More Teaching Material

Tyler Cowen writes:
I have a simple hypothesis about the cross-sectional econometrics [of people's opinions about gay marriage]. If you take the heterosexual couples who engage in the practice which is sometimes "associated" with male gay marriage, I predict those couples will favor legal gay marriage to an astonishingly high degree. Their marriage is already "affiliated" with that practice, and so the notion of legally married gay men (and the practices which go along with that) does not constitute an extra and unwanted affiliation for their marriage ideal.

Now, if you are a rational heterosexual Bayesian and neither engage in that associated practice nor favor legal gay marriage, and then you learn about these cross-sectional econometrics, what should you infer about the correctness of your point of view?
What a rich two paragraphs. Contains discussion material for at least three disciplines:

Philosophy: As commenter chris point out, the correct answer to that last question is: "Nothing, because favoring or not favoring gay marriage is not a factual proposition and does not have a truth value, therefore Bayesian reasoning cannot apply to it." Or is it?

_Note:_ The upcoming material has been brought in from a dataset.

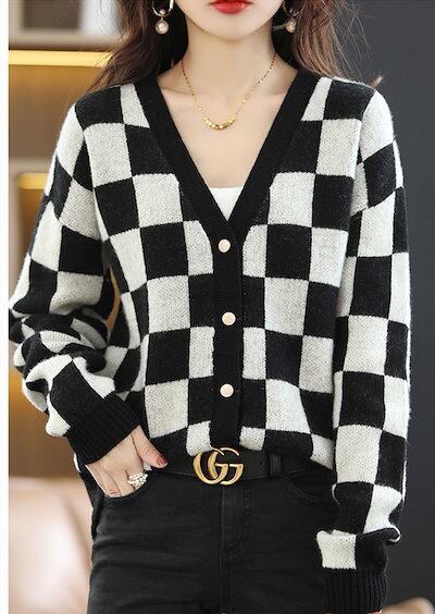 ニット レディース カーディガン トップス 長袖 チェック柄 Vネック カットソー 厚手 オフィス アウター 大きいサイズ ゆったり カジュアル 黒 春 冬 秋

Psychology: Tyler's phrasing is a bit awkward, but at any rate, cognitive dissonance theory suggests that the repeated practice of anal sex causes probabilistically increases the support of gay marriage and, maybe to a lesser extent, vice versa.

Quantitative Methods in the Social Sciences: How strongly does an observed positive correlation between the practice of anal sex and support for gay marriage support the above hypotheses? Why?

The comments section contains the most charming offer of anal sex I have ever come across. I doubt Tyler Cowen could fit that into his tight schedule, though.

(More teaching material here and here)

1 comment:

Ross said...

The activity in question is not just associated with gay marriage, but with gay relationships full stop.